In Unicolors, Inc. v. H&M Hennes & Mauritz, L.P., Unicolors owned copyrights in fabric designs. It sued H&M for infringing these copyrights.
The case went to trial – which is rare in copyright cases – and the jury found in favor of Unicolors. However, H&M asked the judge to grant it judgment as a matter of law.
H&M argued that Unicolors’ copyright registration certificate was invalid and thus that Unicolors could not sue for infringement on the basis of a certificate with inaccurate information.
H&M pointed out that the registration was improper because Unicolors had filed a single registration for 31 separate works.
H&M cited a Copyright Office regulation that provided that a single registration could cover multiple works only if those works were “included in the same unit of publication.”
As the Court noted,
H&M argued that the 31 fabric designs covered by Unicolors’ single application (and therefore single registration) had not been published as a single unit of publication because Unicolors had initially made some of the designs available for sale exclusively to certain customers, while other designs were immediately available to the general public.
As the Court explained,
To obtain registration, the author of a work must submit to the Register of Copyrights a copy of the work and an application…. The application must provide information about the work. Some of this information is purely factual, but some of it incorporates legal conclusions. If the Register determines that the work is copyrightable and meets other statutory requirements, she will issue a certificate of registration. The information on this certificate reflects the information that the copyright holder provided on the application.

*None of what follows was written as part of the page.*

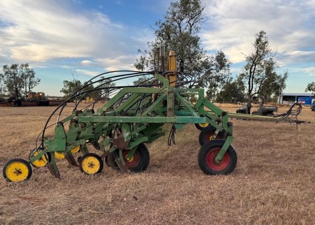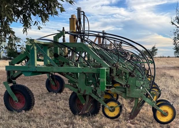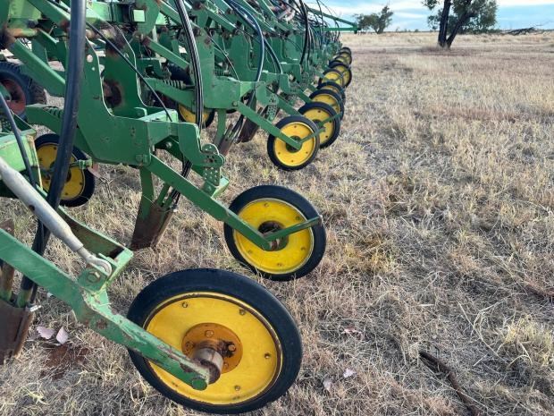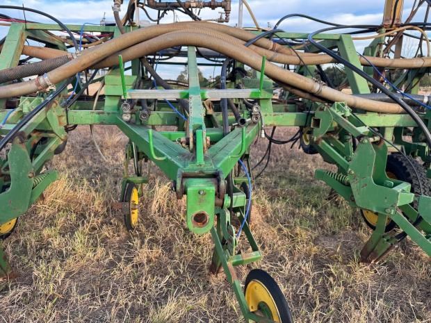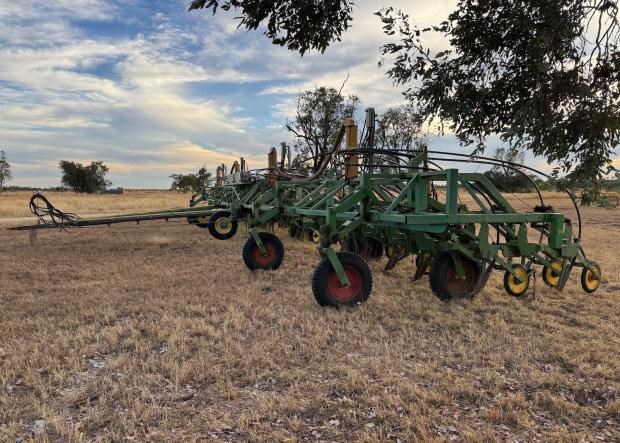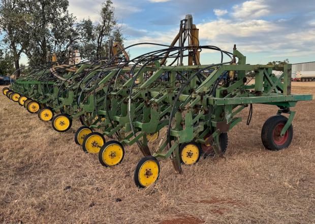 Garnelle Planter, trailing, custom built bar, 20 metre width, 2 bar deep, non folding bar, 40 x Garnelle paralellogram planter units, 500mm row spacing, no end tow kit, Gyral air kit, anhydrous gas kit with Raven controllers, set up for liquid fertiliser, numerous spare units and parts to go with machine, located near Clermont Qld, price includes GST
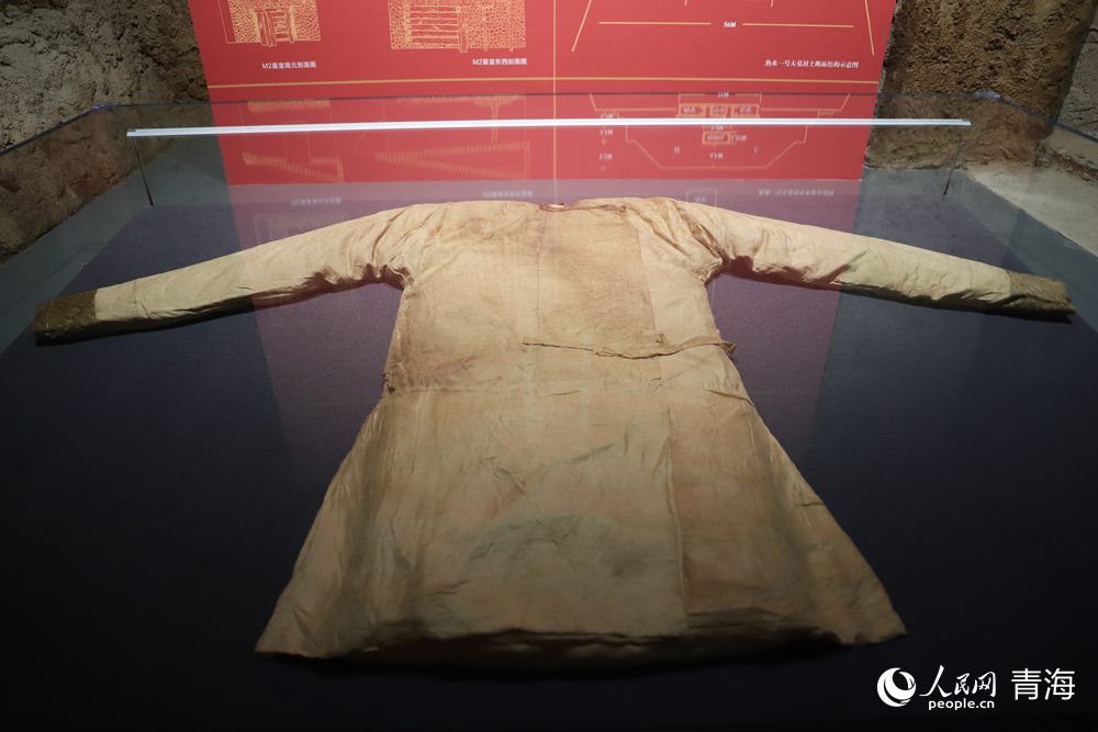 黃地聯(lián)珠團(tuán)窠對龍紋綾衣(都蘭縣熱水墓群出土)。人民網(wǎng) 楊啟紅攝

Naturally, the information provided on the application for registration should be accurate. Nevertheless, the Copyright Act provides a safe harbor. It says that a certificate of registration is valid “regardless of whether the certificate contains any inaccurate information, unless—
“(A) the inaccurate information was included on the application for copyright registration with knowledge that it was inaccurate; and
“(B) the inaccuracy of the information, if known, would have caused the Register of Copyrights to refuse registration.”
Thus,
a certificate of registration is valid even though it contains inaccurate information, as long as the copyright holder lacked “knowledge that it was inaccurate.”
The Supreme Court concluded that “Lack of knowledge of either fact or law can excuse an inaccuracy in a copyright registration.”
Justice Breyer (who is apparently a birder) offered this colorful analogy:
Suppose that John, seeing a flash of red in a tree, says, “There is a cardinal.” But he is wrong. The bird is not a cardinal; it is a scarlet tanager. John’s statement is inaccurate. But what kind of mistake has John made?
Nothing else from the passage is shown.